From: Andrey Grodzovsky <Andrey.Grodzovsky@amd.com>
To: Bjorn Helgaas <helgaas@kernel.org>
Cc: "Deucher, Alexander" <Alexander.Deucher@amd.com>,
"s.miroshnichenko@yadro.com" <s.miroshnichenko@yadro.com>,
"linux-pci@vger.kernel.org" <linux-pci@vger.kernel.org>,
"Koenig, Christian" <Christian.Koenig@amd.com>,
"Antonovitch, Anatoli" <Anatoli.Antonovitch@amd.com>,
Daniel Vetter <daniel@ffwll.ch>
Subject: Re: Avoid MMIO write access after hot unplug [WAS - Re: Question about supporting AMD eGPU hot plug case]
Date: Fri, 5 Feb 2021 15:42:01 -0500 [thread overview]
Message-ID: <c216efcc-6c81-8a7e-a823-1ddb62ebddb7@amd.com> (raw)

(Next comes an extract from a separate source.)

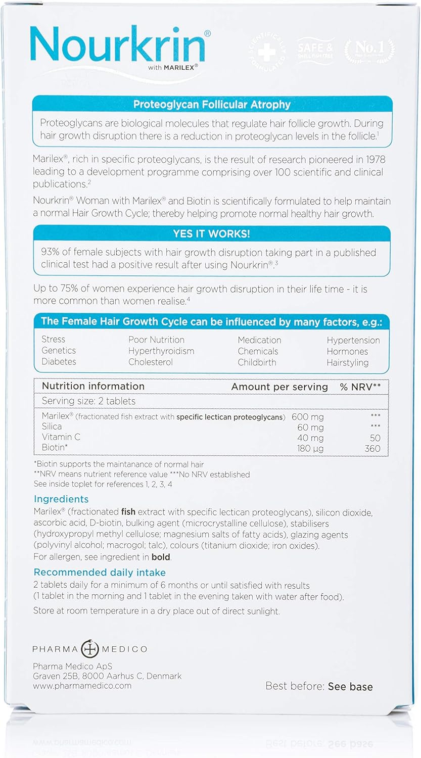 Product Description Nourkrin WOMAN with the unique Marilex is scientifically formulated to help maintain a normal Hair Growth Cycle, which helps to support normal healthy hair growth Ingredients MARILEX (FRACTIONATED FISH EXTRACT WITH SPECIFIC LECTICAN PROTEOGLYCANS), SILICON DIOXIDE, D-BIOTIN, BULKING AGENTS (MICROCRYSTALLINE CELLULOSE; DICALCIUM PHOSPHATE), STABILISERS (HYDROXYPROPYL METHYL CELLULOSE; MAGNESIUM SALTS OF FATTY ACIDS), GLAZING AGENTS (FATTY ACIDS; GLYCEROL). Shampoo: Aqua, Sodium Coco-Sulfate, Cocamidopropyl Betaine, Sodium Chloride, Butylene Glycol,Benzoic Acid. Conditioner: Aqua, Potassium Sorbate, Cetearyl Alcohol, Mentha Piperita Oil, Oleanolic Acid. P.when('A').execute(function(A) { A.on('a:expander:toggle_description:toggle:collapse', function(data) { window.scroll(0, data.expander.$expander[0].offsetTop-100); }); }); Directions take the tablets as directed Safety Warning For external use only. Avoid contact with eyes, mouth, and other mucous membranes. Discontinue use if you experience allergic reactions such as scalp irritation, redness, or rash. Not recommended for use by pregnant or nursing women. Keep out of reach of children. Not for use by individuals under 18 years old. Do not use on damaged, sunburned, or irritated scalp. Consult a healthcare professional if you're using other medications, especially those applied to the scalp. Some ingredients may affect blood pressure. Consult a doctor if you have heart disease. Avoid using on other body parts to prevent unwanted hair growth. May increase sensitivity to sunlight. Follow instructions carefully regarding dosage and frequency of application. Stopping treatment may lead to reversal of hair regrowth. Keep away from fire or flame. Do not use after the expiration date. Consult a healthcare provider before use if you have any underlying medical conditions. See more,Six months supply (360 Tablets) plus FREE 2 x Shampoo and 2 x Conditioner,FREE Liquid Products worth GBP51.80,Clinically proven to help maintain a healthy Hair Growth Cycle,Only Hair Growth product to be awarded GOLD MEDAL by hair loss experts at The World Trichology Society,Natural, drug-free and easy to swallow

In-Reply-To: <20210205194541.GA191443@bjorn-Precision-5520>
On 2/5/21 2:45 PM, Bjorn Helgaas wrote:
> On Fri, Feb 05, 2021 at 11:08:45AM -0500, Andrey Grodzovsky wrote:
>> On 2/5/21 10:38 AM, Bjorn Helgaas wrote:
>>> On Thu, Feb 04, 2021 at 11:03:10AM -0500, Andrey Grodzovsky wrote:
>>>> + linux-pci mailing list and a bit of extra details bellow.
>>>>
>>>> On 2/2/21 12:51 PM, Andrey Grodzovsky wrote:
>>>>> Bjorn, Sergey I would also like to use this opportunity to ask you a
>>>>> question on a related topic - Hot unplug.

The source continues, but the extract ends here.